By Jonathan M. Katz, AP
Saturday, January 23, 2010

Haiti rappers craft new ‘Palace’ from ration boxes

PORT-AU-PRINCE, Haiti — Haiti’s National Palace lies in ruins, so the boys of Delmas 40 refugee camp built a cardboard substitute.

The roughly 12-foot-wide (3.7-meter-wide) house of military ration boxes tops a ridge above a sprawling tent city near a base for the U.S. Army’s 82nd Airborne division. The boxes are unfolded and held up by wooden poles and coat hangers. A mini Haitian flag flies in front and a painted sign proclaims it the “palais national.”

When the white-sheet roof billows, you can almost see one of the tapered domes of the real palace that for eight decades crowned downtown Port-au-Prince.

“I’d never been in a national palace before, so we built one,” said Jhonny Narcisse, 32. He, like the others, form the rap group “D-Clan.”

Narcisse calls himself “B-Deep.” Louissant Bennigchton, 25, is the front man, aka “J.B. Madjigriddi.” His dreadlocks are partially covered by a burnt-orange knit cap. He has a black beard and horn-rim glasses. At night, 19 guys sleep on the dirt floor of the “palace” that looks down on a makeshift camp that has formed on a golf course.

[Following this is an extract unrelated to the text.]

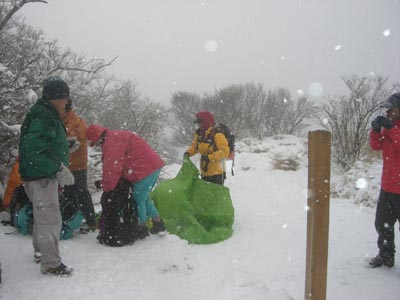 | 肩で昼食 ツエルトが活躍 | これから下山 |

The musicians are working on a song about the quake that destroyed all their homes called “Bible Story,” but that isn’t finished. For now they freestyle a verse in English and Creole: “We need the food. We need to eat. We are heroes. We are heroes.” They laugh and sway, beatboxing.

There are other signs around the palace. One declares the southwest side as Port-au-Prince’s new cathedral. And one facing the sunglass-wearing U.S. soldiers who direct food distributions to the 50,000 people sleeping in the valley below reads: “God Bless America 4 American Food.”

A food line snakes up the steep hill to the soldiers’ position, housed behind the cracked clubhouse of the swank Petionville country club, which shares its grounds with the U.S. ambassador’s home. Behind the ocean of tarps on the golf course are the cracked concrete houses the people here left behind.

The D-Clan boys say the soldiers keep turning them away in line, so they pool their money to go out, buy rice, and cook it in a corner of their pseudo-palace. Where they buy it exactly, they don’t say.

The camouflaged soldiers behind the ropes say they don’t turn anyone anyway; in fact, they usually let people take rations twice, as long as there’s no shoving. One starts to comment on the new “government” building behind their post, but an officer calls him away.

They’ll probably have a lot of time to consider it, though.

“This palace is here forever,” Bennigchton said, his friends clapping in approval. “Until the owner wants the land back.”